The fair trade market in Europe has grown some 70 fold since 1999, when the Commission adopted its last communication on it, to be worth around €1.5bn at retail. Even the economic crisis does not appear to be deterring multinational companies from linking to the fair trade schemes or launching there own sustainability programmes.
For instance, in March chocolate giant Cadbury declared its intention to source only certified Fairtrade chocolate for its Dairy Milk brand – despite consumers keeping a close watch on treat spending in the recession.
The new communication gives an update of developments since 1999, and lays out some of the considerations for public authorities, stakeholders, and private schemes.
EU Trade Commissioner Catherine Ashton said: "It is important that consumers, companies and government authorities can make well-informed choices when it comes to Fair Trade products. The Commission will stay engaged and further support Fair Trade and other trade-related schemes, given their great potential to contribute to sustainable development."
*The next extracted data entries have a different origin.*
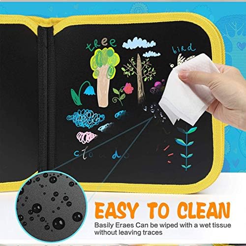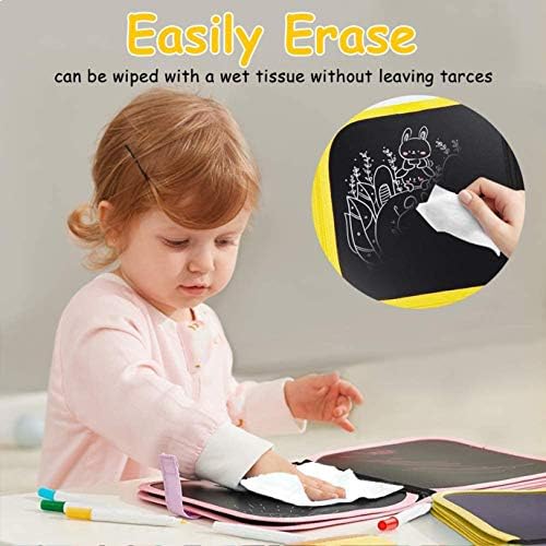 🌸 【SAFE&REUSABLE】 Made of high quality PP material. Durable, lightweight and easy to use. It is safe for children. The drawing book is equipped with 12 special dust-free watercolor pens, which are colorful and can be easily wiped off with a wet tissue without any traces. Cultivate your child’s creativity and imagination!(Note: you need to use wet wipes or wet rags to erase the handwriting)
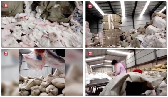 曝光问题:部分企业将母婴用品的残次品、废料(含纸尿裤、卫生巾)粉碎后,重新制成原材料(如木浆、吸水树脂),从纸尿裤和卫生巾生产厂家购买原本应销毁的残次品、下脚料等生产垃圾,这些回收料携带细菌和残留化学添加剂,从中挑出形状完整且没有明显污渍和破损的“二等品”,在桌上经过简单敲打恢复蓬松后,或使用荧光增白剂掩盖黄渍,将这些翻新品重新在市场上倒卖,每吨售价高达七八千元。而挑剩无法再利用的部分也不会浪费,被投入机器打碎分离成原材料,再次卖给一次性卫生用品生产企业。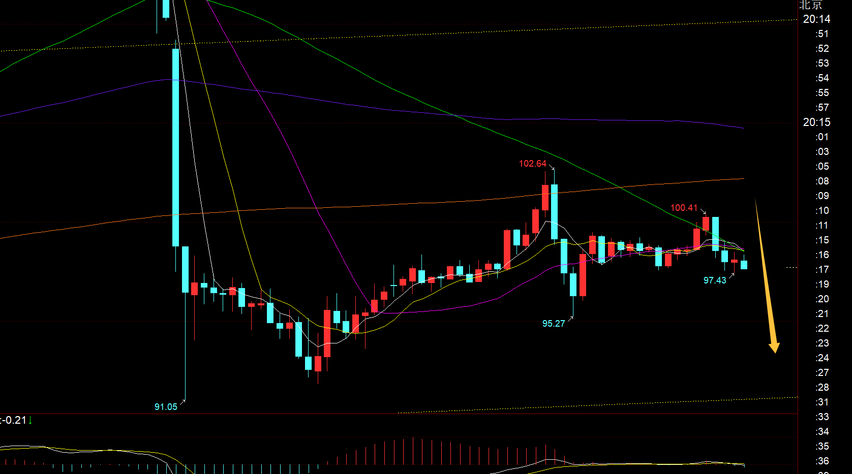 原油方面:102之下阻力仍在, 91支撑,一旦有效失守91通道下轨,则会延续下挫;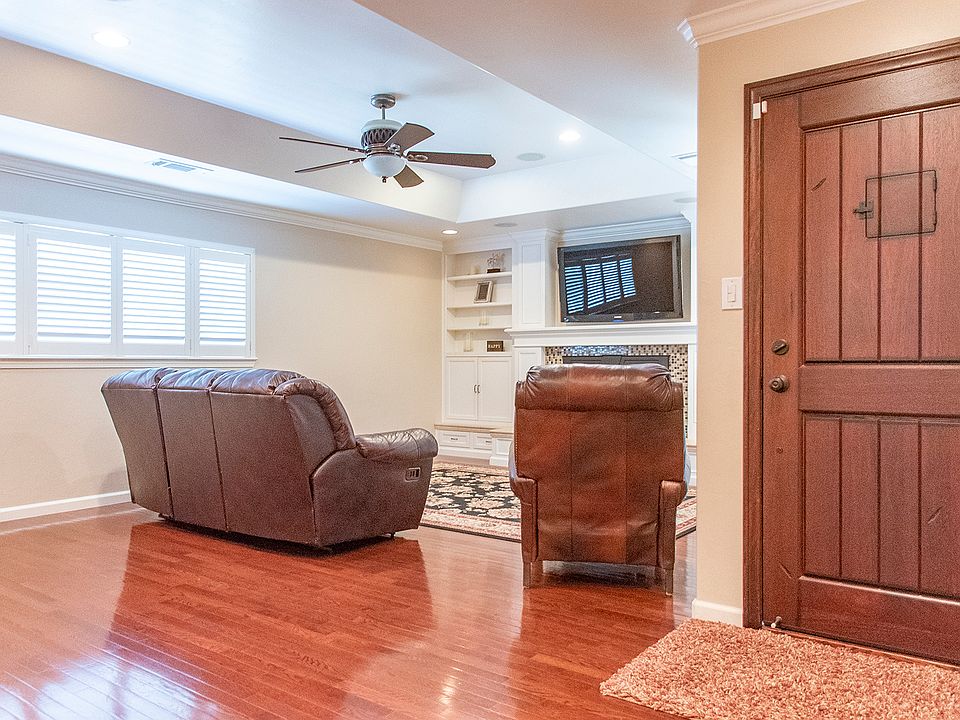 • Kitchen Island, Coffered Ceiling(s), Corian Counters, Wired for Sound, Crown Molding, Granite Counters, Remodeled, Bookcases

Amongst the successes of the movement in the last decade, the communication notes the “striking” developments in national markets where certified fair trade products were already present.
“Answering the 1999 communication’s call for a single label and the need for independent verification and control, the Fairtrade Certification Mark has been successfully implemented,” it said.
Awareness of fair trade was as high as 70 per cent in the UK in 2008, compared to 12 per cent in 2000. In France awareness rose from 9 per cent in 2000 to 74 per cent in 2005. Between 60 and 70 per cent of global fair trade sales are believed to take place in Europe.
The communication also notes the role of fair trade in “illuminating issues of responsibility and solidarity”, and the growth in social and environmental auditing standards used by trade related private sustainability initiatives.
“This success underlines the need for consumers, public authorities, and other stakeholders, including producer organisations in developing countries, to measure the real impact of fair trade,” says the communication.
Amongst the conclusions of the communication the Commission says it intends to explore the scope for more dialogue, cooperation and (where appropriate) convergence between private labelling schemes, so as to promote any synergies and enhance clarity for consumers.
It also said it intends to continue funding for relevant fair trade and other sustainable trade-related activities, and does not exclude the possibility of financing targeted actions.